-------- Extracted data --------

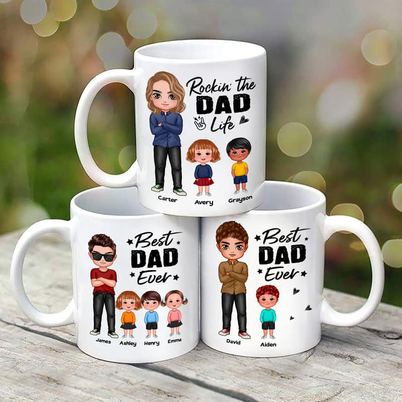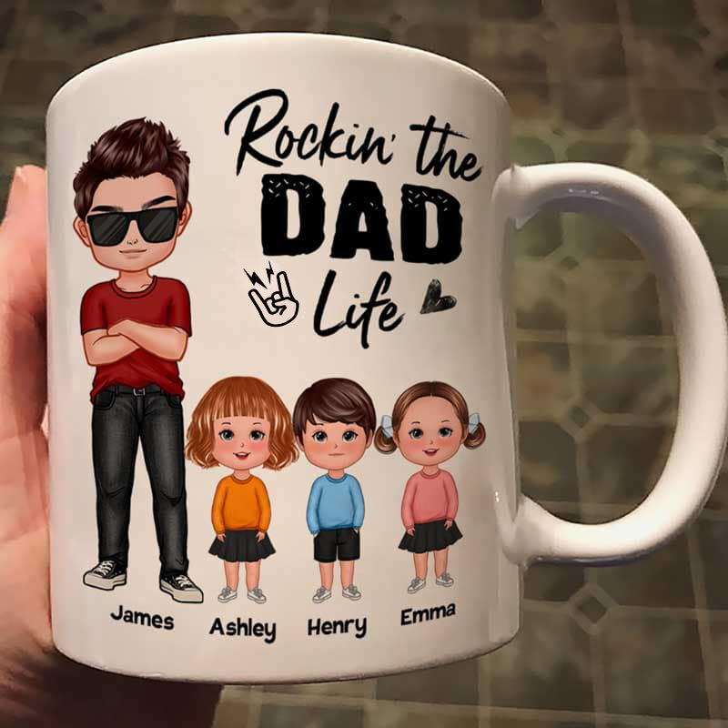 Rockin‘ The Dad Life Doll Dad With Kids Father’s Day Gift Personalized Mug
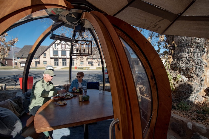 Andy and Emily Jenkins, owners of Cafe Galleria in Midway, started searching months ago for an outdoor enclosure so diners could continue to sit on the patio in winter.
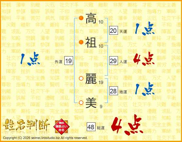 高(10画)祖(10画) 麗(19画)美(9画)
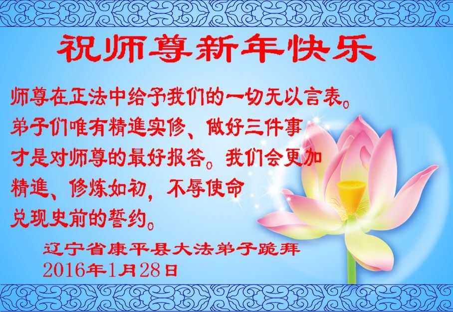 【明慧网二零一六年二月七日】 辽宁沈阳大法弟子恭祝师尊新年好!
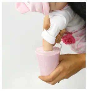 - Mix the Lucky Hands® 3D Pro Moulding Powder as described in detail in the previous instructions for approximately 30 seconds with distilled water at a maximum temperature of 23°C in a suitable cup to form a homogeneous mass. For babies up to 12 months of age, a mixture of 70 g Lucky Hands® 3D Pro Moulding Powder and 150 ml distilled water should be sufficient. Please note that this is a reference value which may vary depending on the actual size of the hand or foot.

--------

Exercise directions
Your answer should be every entry repeated exactly, minus the pictures.

Result
 Rockin‘ The Dad Life Doll Dad With Kids Father’s Day Gift Personalized Mug
 Andy and Emily Jenkins, owners of Cafe Galleria in Midway, started searching months ago for an outdoor enclosure so diners could continue to sit on the patio in winter.
 高(10画)祖(10画) 麗(19画)美(9画)
 【明慧网二零一六年二月七日】 辽宁沈阳大法弟子恭祝师尊新年好!
 - Mix the Lucky Hands® 3D Pro Moulding Powder as described in detail in the previous instructions for approximately 30 seconds with distilled water at a maximum temperature of 23°C in a suitable cup to form a homogeneous mass. For babies up to 12 months of age, a mixture of 70 g Lucky Hands® 3D Pro Moulding Powder and 150 ml distilled water should be sufficient. Please note that this is a reference value which may vary depending on the actual size of the hand or foot.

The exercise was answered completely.